COMPARISON
RunLedger vs Mocks
Mocks are precise for unit tests. RunLedger captures real tool behavior once and replays it in CI.
Direct Answer
Recommendation
Use RunLedger when mock maintenance becomes a bottleneck or misses real tool behavior.
Mocks are excellent for unit-level isolation. RunLedger is better for end-to-end agent flows where tool behavior and ordering matter.
Quick Decision
| Use RunLedger when | Use mocks when |
|---|---|
| You want full flow determinism | You want isolated unit behavior |
| You need recorded real tool shapes | You can maintain small mock fixtures |
When mocks is better
- You only need to test a single function or module.
- You want complete control over every edge case.
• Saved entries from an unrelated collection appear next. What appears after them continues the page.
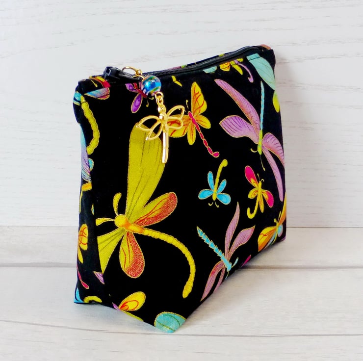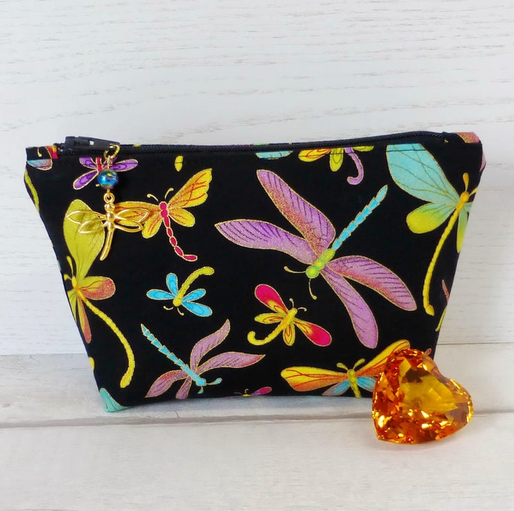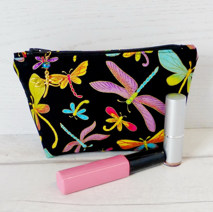 A medium sized make up bag/zipped pouch made from a cotton fabric with a dragonfly design. The dragonfly design fabric is !00% cotton with dragonflies in shades of lilac, turquoise and yellow, all edged with metallic gold and on a black background.
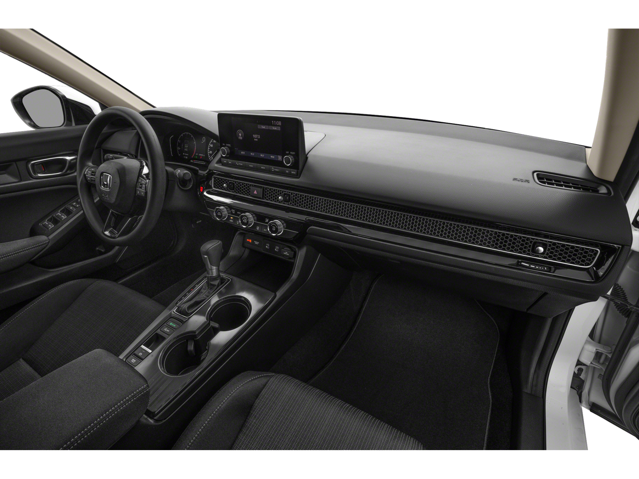 16 Wheels w/Full Covers, 4 Speakers, 4-Wheel Disc Brakes, ABS brakes, Adaptive Cruise Control: Adaptive Cruise Control (ACC) with Low-Speed Follow, Air Conditioning, AM/FM radio, Apple CarPlay/Android Auto, Auto High-beam Headlights, Automatic temperature control, Brake assist, Bumpers: body-color, Cloth Seating Surfaces, Delay-off headlights, Driver door bin, Driver vanity mirror, Dual front impact airbags, Dual front side impact airbags, Electronic Stability Control, Emergency communication system: HondaLink, Exterior Parking Camera Rear, Four wheel independent suspension, Front anti-roll bar, Front Bucket Seats, Front Center Armrest, Front reading lights, Fully automatic headlights, Illuminated entry, Knee airbag, Low tire pressure warning, Occupant sensing airbag, Outside temperature display, Overhead airbag, Panic alarm, Passenger door bin, Passenger vanity mirror, Power door mirrors, Power steering, Power windows, Radio data system, Radio: 160-Watt Audio System, Rear anti-roll bar, Rear side impact airbag, Rear window defroster, Remote keyless entry, Security system, Speed control, Speed-sensing steering, Steering wheel mounted audio controls, Tachometer, Telescoping steering wheel, Tilt steering wheel, Traction control, and Trip computer.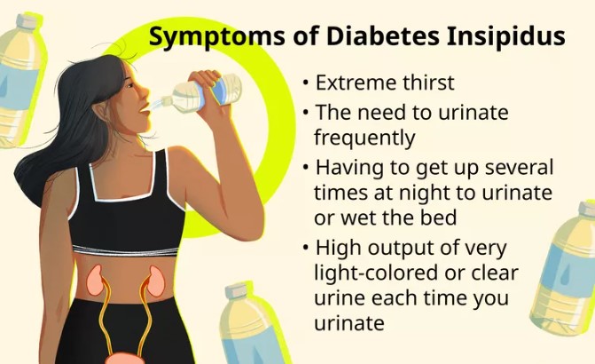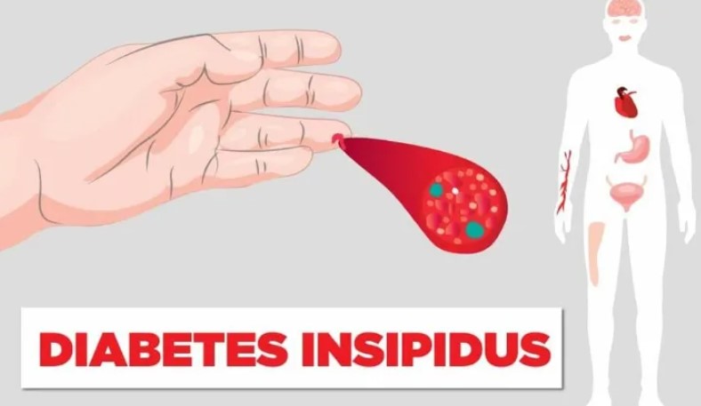 Diabetes insipidus (DI) occurs when there is a deficiency of the antidiuretic hormone (vasopressin) due to a disorder of the hypothalamus and the pituitary gland. The result is polyuria and polydipsia.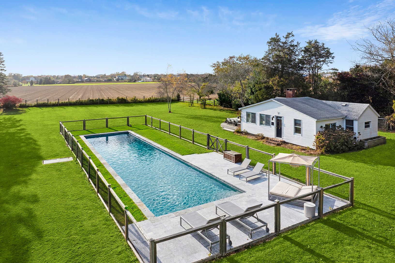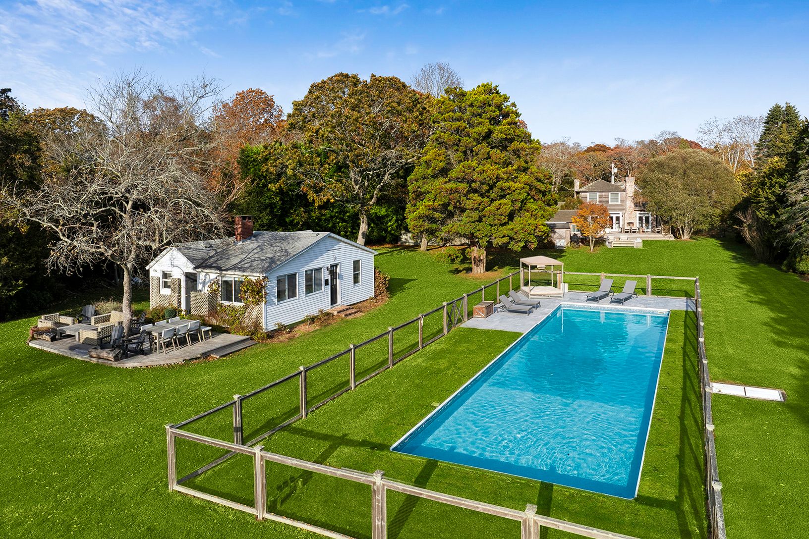 Experience quintessential Wainscott living at this rare, multi-generational beach compound. Ideally situated south of the highway, 1 mile+/- to the ocean and bordering reserve land, the property features a 3 bedroom main house with a sleep-ready media room and a separate 2 bedroom cottage. Blending historic character with modern luxury, the newly updated interiors showcase reclaimed Vermont floors, Provence stone, white oak beams, and all-new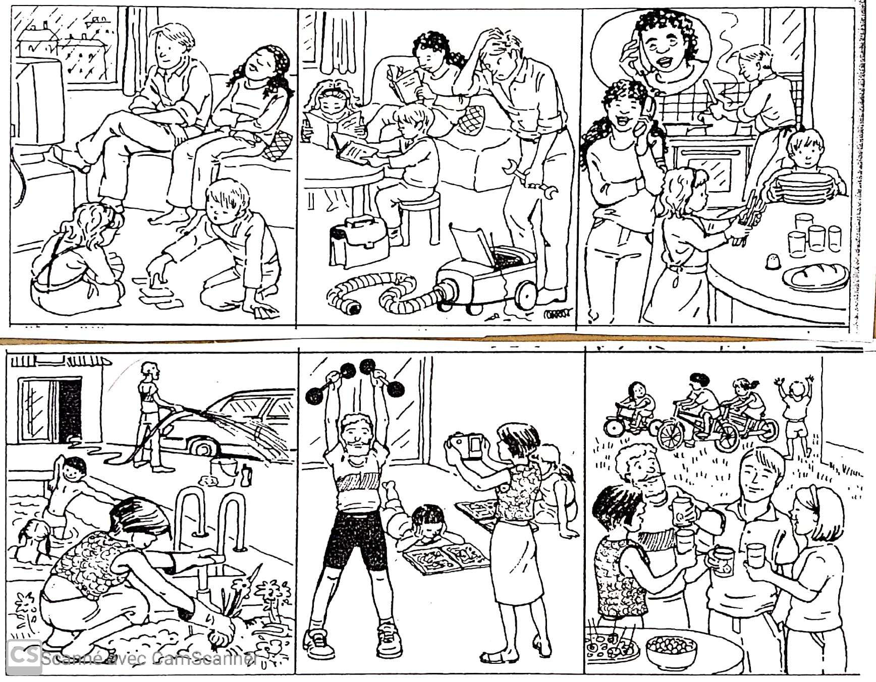 Observe attentivement le visuel suivant et raconte les activités des personnes au passé composé.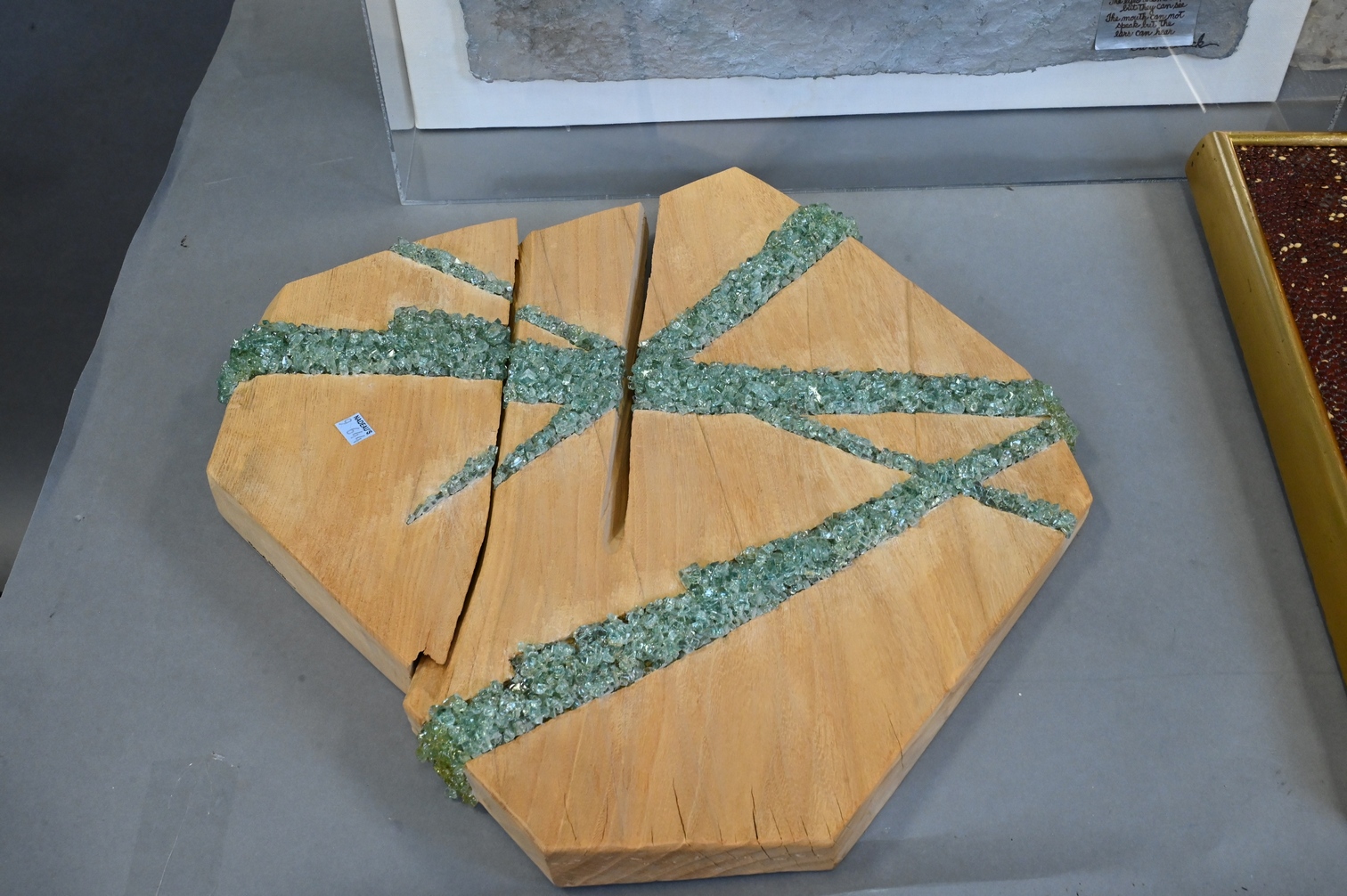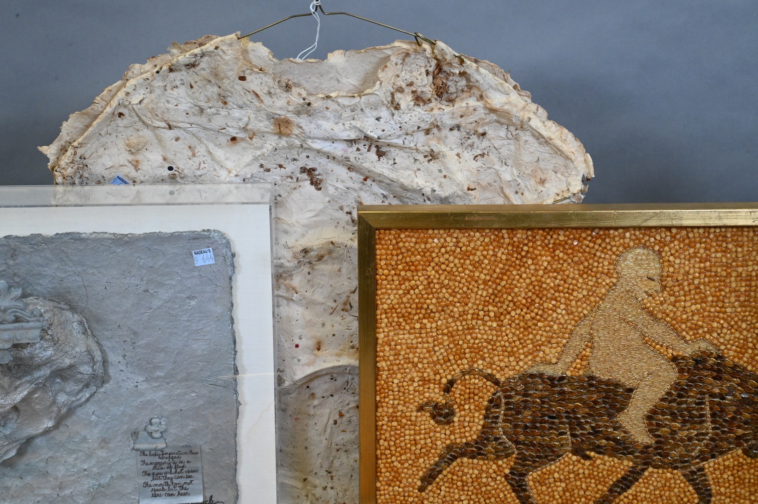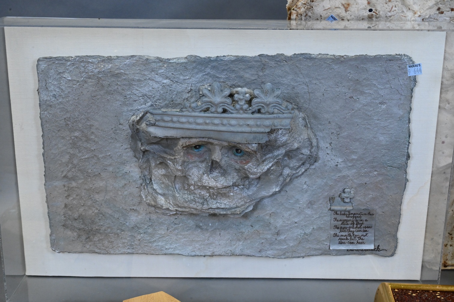 to include metal sculpture of a woman’s face, handmade paper T-shirt on hanger, shadowbox skull face with plaque, wood and glass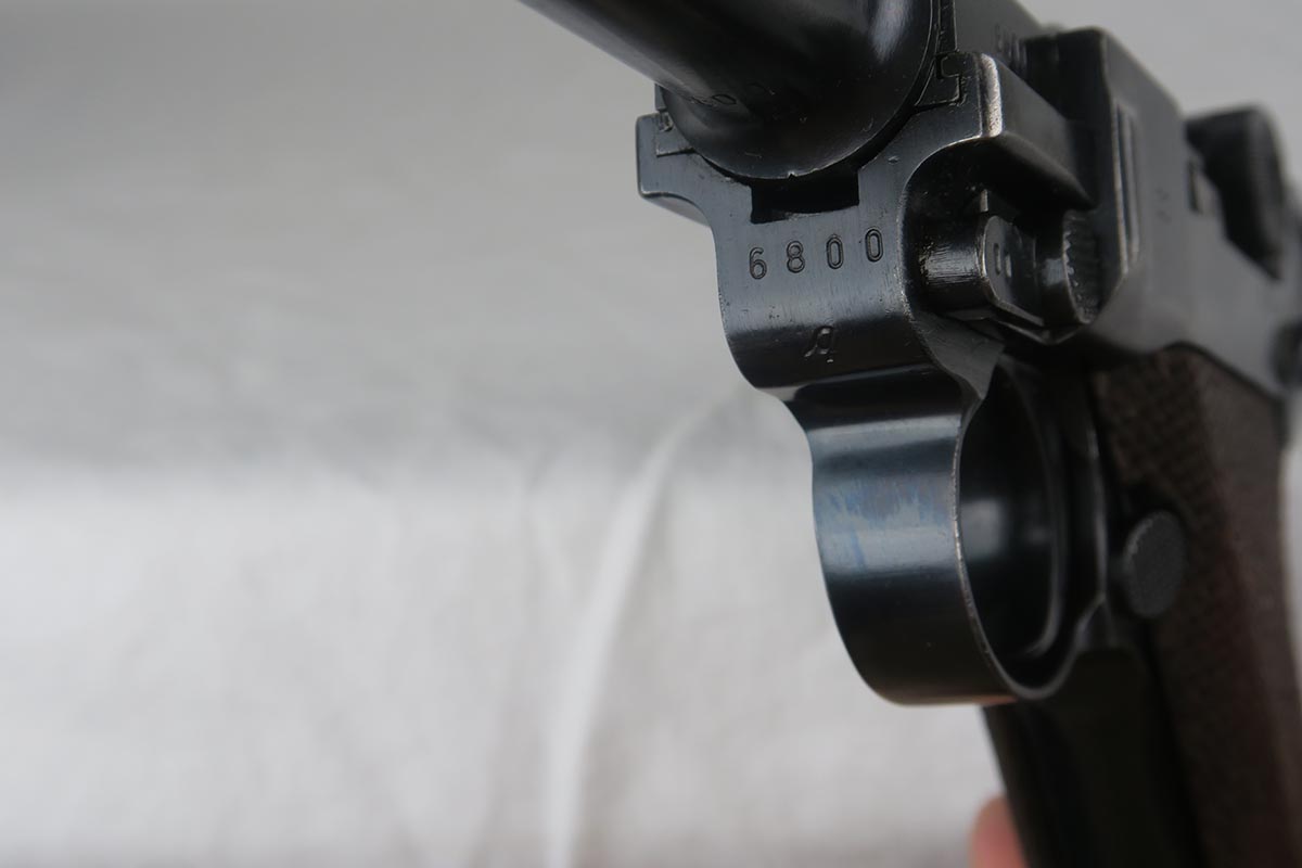 12/5/17 – This is a Mauser-made luger from 1941 with original matching magazine.  The pistol is all matching and correct with about 95% blue remaining.  There is holster wear on all the standard high edge areas.  The right grip panel is faintly numbered but matching to the gun, but the left panel is numbered top a different gun.  Pistol has excellent bore.

- You do not want to run a runner or suite config.
When RunLedger wins
- Mocks drift from real tool responses.
- You need to ensure tool ordering and schema adherence.
- You want to gate PRs on full workflow regressions.
Tradeoffs
- Cassettes can get stale and need re-recording.
- Less surgical than unit tests for tiny components.
bash
runledger run ./evals/demo --mode record
runledger run ./evals/demo --mode replay --baseline baselines/demo.json
When NOT to use RunLedger
If you only need isolated unit tests with tiny fixtures, mocks are simpler.